Walter Barbe, then editor-in-chief of “Highlights for Children” magazine, 1986, address to teachers

 

At the time I was dealing with a 4-year-old Engineer who bounced off the walls, refused to do “school work,” and while undeniably bright, wasn’t an academic achiever in any way. After battling him for a little while with the ubiquitous worksheets, I decided that I needed to find another road. I was the problem, not him. My demands were unrealistic. My unfamiliarity with schooling my own child made me rely on traditional school expectations, and those expectations were the problem. In hindsight, I probably should have started to introduce this type of learning at a younger age so that this wouldn’t be a problem now. Even something as small as thinking activities would have gotten him in the right frame of mind for when he came to this age. My sister did that with her children, and I think they used somewhere like The Little Thinkers Center to find activities like this that would help them with their childhood development. If we did that, we may not have had as much hesitation as we do now.

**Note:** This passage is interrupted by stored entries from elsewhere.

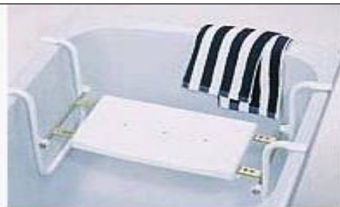
Závěsná sedačka do vany
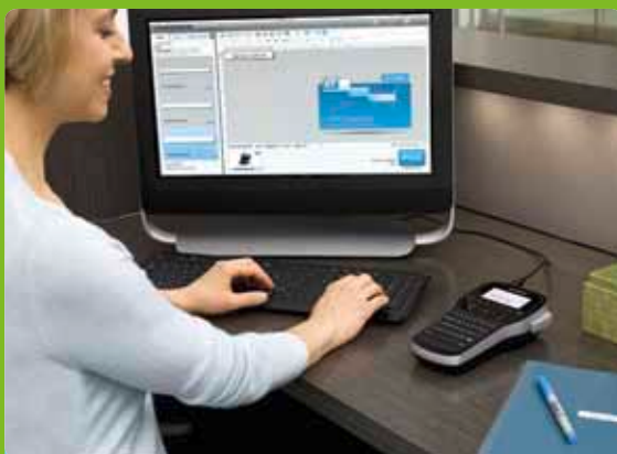
Op uw bureau
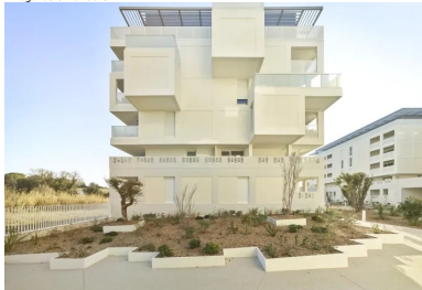
Pièce de vie ou loggia, les volumes en béton qui émergent de la façade offrent des situations singulières sur l'environnement.

I’ll admit, I was frustrated. How could my kid not do worksheets? Other kids loved worksheets, right? Even most curriculums have some form of worksheet-type format: do 6 math problems, then do these 6. Write a paragraph about the story you just read. Even pre-schoolers learn to print their name, right? How could I be asking too much from him if everyone else thinks this is the way to do it?

Somewhere along the path of our homeschooling journey, I realized that hey! Traditional school isn’t the best learning model! It’s often the best model for teachers. It’s certainly the best model for administrators to evaluate how much learning is (or isn’t) happening. But for the kids, it’s often the worst model.

 

Sit still and listen when child development says that kids need to move to learn.
Do tests to determine if the child is learning the material.
More tests means better information!
Be quiet, don’t ask questions, stay at the group pace.
Don’t race ahead, and certainly don’t lag behind!

 

Sound familiar? Sure, the traditional model works ok for some kids. It’s a good fit for others. But for most kids, I’m pretty sure if they had the option to do something else they would pick a different model. More field trips. Less sitting. Ask lots of questions! Ditch the tests, the homework, and the reading logs and just explore.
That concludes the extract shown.